Hi there!
In order for a block to begin sliding, the force due to STATIC friction must be overcome.
In this instance, the following forces are acting on the block ALONG the axis of the incline.
Force due to gravity:
On an incline, the component of the force due to gravity contributing to the object's downward movement is equivalent to the horizontal (sine) component.
[tex]F_g = Mgsin\theta[/tex]
Force due to static friction:
The force due to friction is equivalent to the normal force multiplied by the coefficient of friction.

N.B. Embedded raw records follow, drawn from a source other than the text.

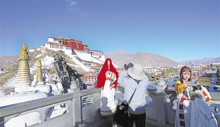 圖為游客在布達(dá)拉宮前拍照留念。記者 格桑倫珠 攝 圖片來源:西藏日?qǐng)?bào)
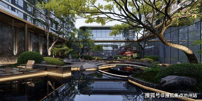 绿城·桂语安澜的花园哲学,是让自然基因渗透至每一处空间肌理。自下而上,下沉式庭院以私密围合演绎入户礼序,山水庭院以水墨笔法勾勒诗境,空中浮岛将开敞阳台与私家花园完美融合,露台则以第二客厅的姿态,承载星空下的家庭剧场。当传统社区因容积率限制而压缩景观纵深时,绿城却以“下沉庭院+地面园境+空中浮岛+屋顶露台”构建多维生态,让花园缦境从平面走向立体,从单一走向复合,形成垂直维度的景观叙事。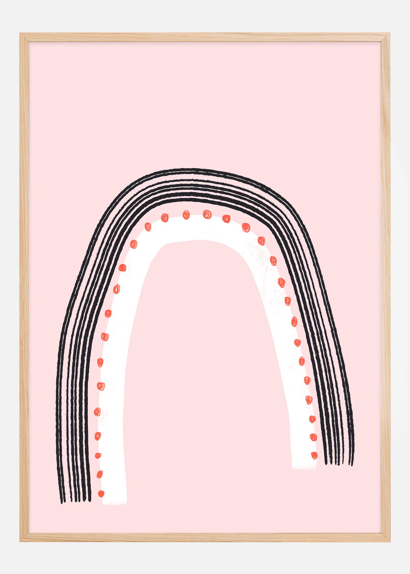 This playful and charming poster depicts a stylized rainbow with a modern and graphic approach. Against a light pink background, the bold, black outlines of the rainbow's arches create a clear contrast, while rows of small red hearts follow one of the curves, adding an irresistible sense of joy and positivity. This print exudes simplicity and joy and could brighten up any room with its charm and friendly aura.

The normal force is the cosine component (perpendicular to the incline), so:
[tex]N = Mgcos\theta\\\\F_s = \mu_sMgcos\theta[/tex]
To find the minimum angle for the block to begin sliding, we can set the two forces equal to 0. They work in opposite directions (let down the incline be negative and up the incline be positive).
[tex]\Sigma F = F_s - F_g\\\\0 = F_s - F_g\\\\0 = \mu_sMgcos\theta - Mgsin\theta\\\\Mgsin\theta = \mu_sMgcos\theta[/tex]
Cancel out 'Mg' and rearrange to solve for theta.
[tex]sin\theta = \mu_scos\theta\\\\tan\theta = \mu_s\\\\\theta = tan^{-1}(\mu_s) = tan^{-1}(.45) = \boxed{24.228^o}[/tex]